Multipolarity is so central to Dugin’s theses because it gives Russia the clearance to imperialize places such as Africa and the Middle East, all in an effort to combat “the West”. These ideas have a slim overlap with the Leninist conception of Imperialism, but it fails to hit the mark. Since the revisionists either fail to understand Lenin, or wholly reject his ideas, they readily cling to the crypto-fascist ideology of Eurasianism as a part of the revolutionary struggle, either tacitly or openly.

Groups in America have already adopted these positions. FRSO has adopted the false line of “Actually Existing Socialism” in their fervent support of the “Communist” Party of China. PSL works with RT (formerly Russia Today) together with Sputnik to produce online video content, as well as pushes for a multipolar world, specifically in places such as Africa where they support military juntas all in the name of “anti imperialism”. Perhaps the most brazen is the American “Communist” Party, who outright platforms Dugin and upholds him as a modern Marx.

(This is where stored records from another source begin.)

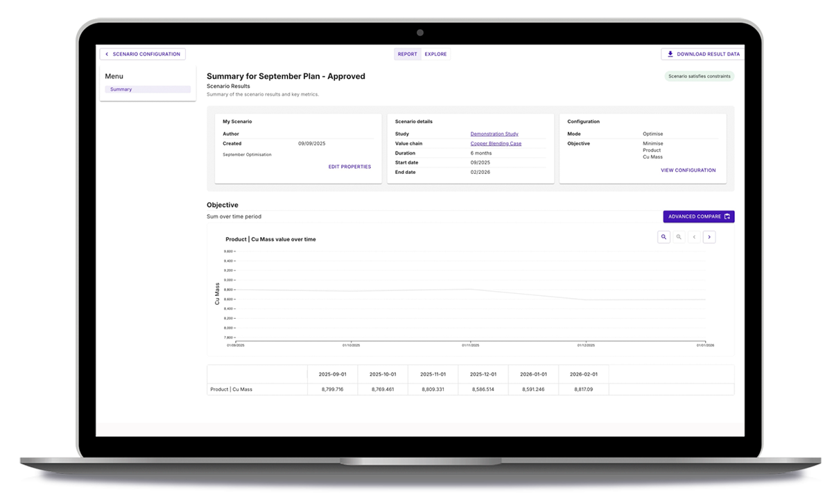 A new summary report is now available that highlights top-level figures for each scenario, with particular emphasis on objective performance for optimisation runs, so you can quickly see how well each scenario meets its targets.
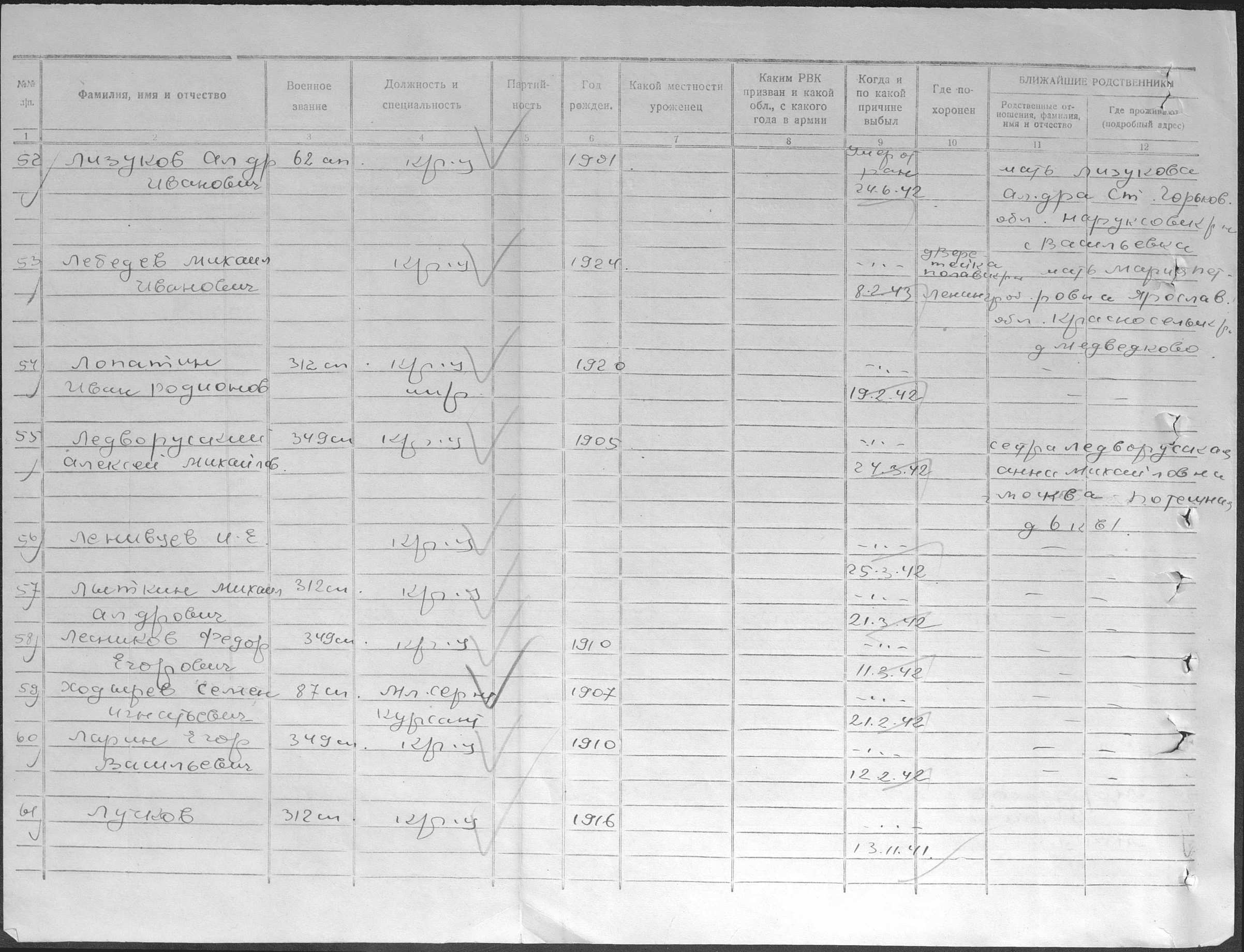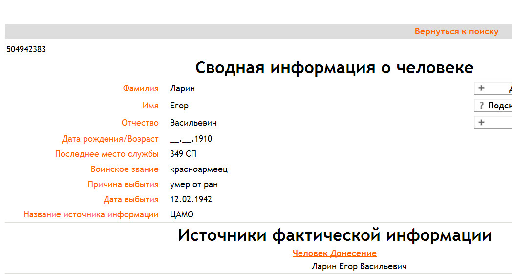 Информация из донесения о безвозвратных потерях Фамилия Ларин Имя Егор Отчество Васильевич Дата рождения/Возраст __.__.1910 Последнее место службы 26 СД Воинское звание красноармеец Причина выбытия умер от ран Дата выбытия 12.02.1942 Название источника информации ЦАМО Номер фонда источника информации 58 Номер описи источника информации 18003 Номер дела источника информации 1213 Захоронен: Ленинградская область, Д. Малый Заход. Информация из списков захоронения Фамилия Ларин Имя Егор Отчество Васильевич Дата рождения/Возраст __.__.1910 Воинское звание красноармеец Дата смерти 12.02.1942 Страна захоронения Россия Регион захоронения Новгородская обл. Место захоронения Парфинский р-н, д. Большой Заход Могила Братская могила Откуда перезахоронен д. М. Заход Редактировалось: 1 раз (Последний: 26 мая 2014 в 17:32) |
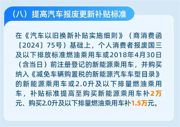 所以,国家再次加码,也就是这次7月25日的新政(《关于加力支持大规模设备更新和消费品以旧换新的若干措施》),所有的操作都没变,就是 1 万的新能源补贴变成了 2 万,换燃油车的 7000元补贴也加码到 1.5 万元。
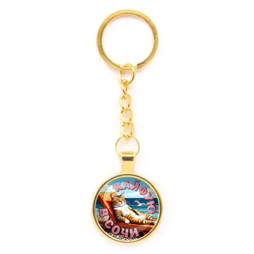 Круглый брелок «Кайфую в Сочи» — это стильный аксессуар, который станет отличным подарком и символом ярких моментов на Черноморском побережье. Изготовленный из бижутерного сплава с покрытием под золото и стекла, он сочетает элегантность и практичность.
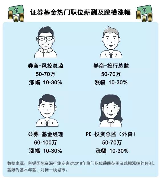 证券基金领域薪酬整体平稳,跳槽涨幅通常在10%-30%,其中投资银行等领域薪酬涨幅较大,可达30%-50%。
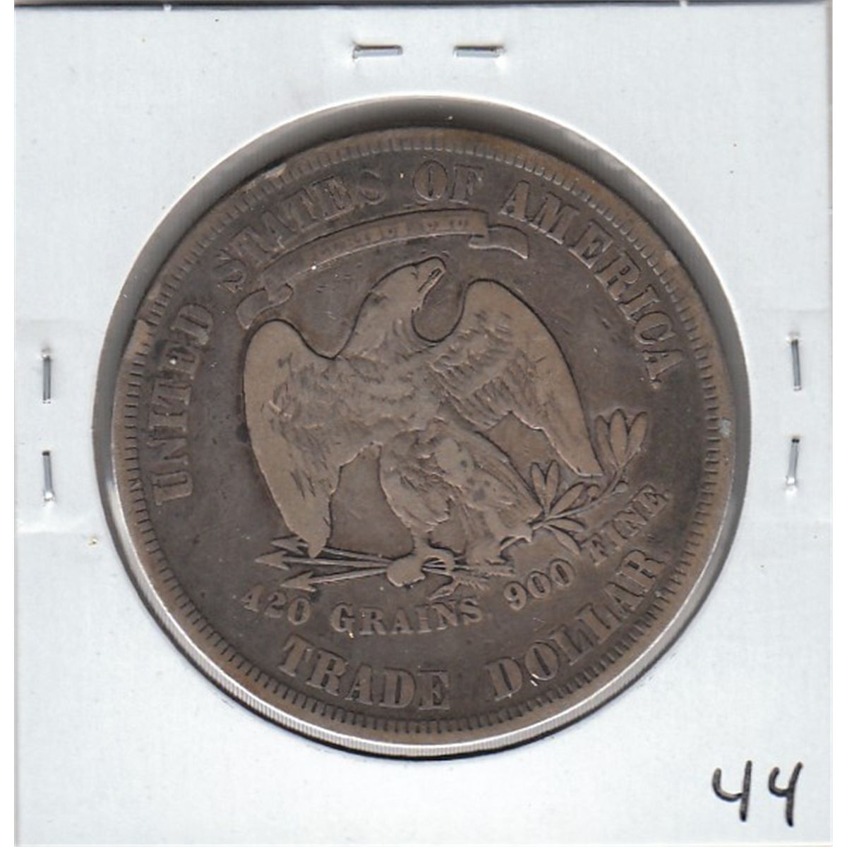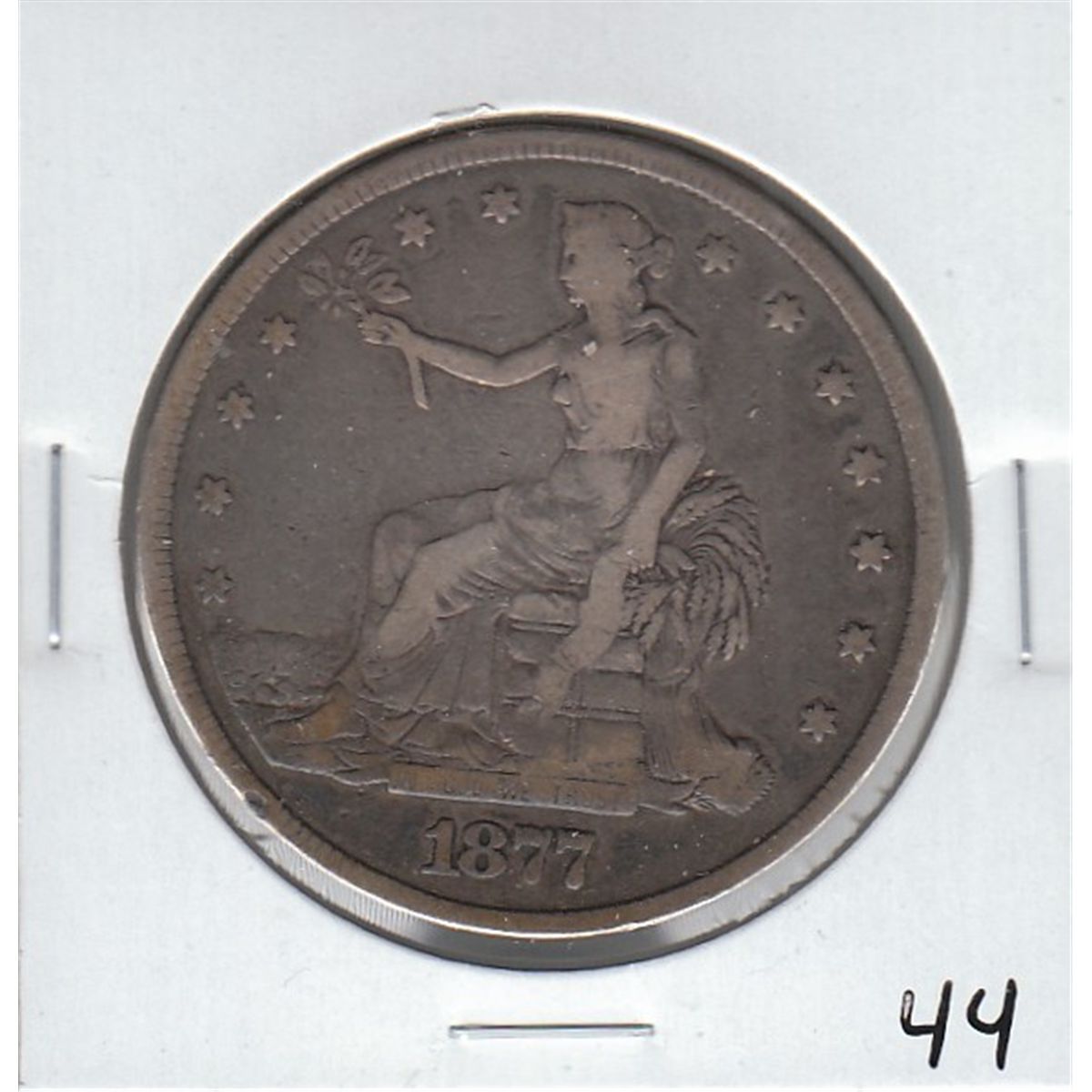 1877 SILVER TRADE DOLLAR GUN METAL TONE

Aligning with neo-fascist ideology, whether willing or not, presents no viable alternative for the working class. Historically, we already know what the outcome of multipolarity will be and that is World War. Wherever there exists competition amongst imperialists it will turn violent, if not catastrophic. 

The contemporary Communist movement is in an unfavorable position. Everywhere there are revisionists, opportunists, and falsifiers that seek to entrench themselves in our cause to defang the class struggle. While there are many rank and file members of these revisionists organizations that have unknowingly fallen prey to this line of thinking, they still parrot multipolarity and campism as an effective strategy for the liberation of the international proletariat, and it there that we must launch an ideological struggle against these tendencies. 

It may cause some concern that openly attacking these tendencies could cause friction in the already neutered Communist movement in America, but this is the most opportune time to do so. The American Communist movement is in a premature stage of development. As the conditions of Capitalism worsen and the contradictions heighten, more and more workers will be radicalized towards Marxism. We, as authentic Communists, must stand firm in our ideological commitment for the liberation of the International Proletariat and struggle against any and all forms that seek to derail the movement. During the First World War, Lenin could have sat back and not attacked the degenerated Social Democratic parties of the Second International in the interest of “not splitting the movement”, but he and the Bolsheviks chose to stand firm. It is in the same vein of thought that we must also stand firm and struggle, not to splinter the movement, but to foster its development free from all revisions. We cannot sit idly by as we watch so-called Communists repeat the same mistakes of our predecessors. We must struggle for an authentic Communist future!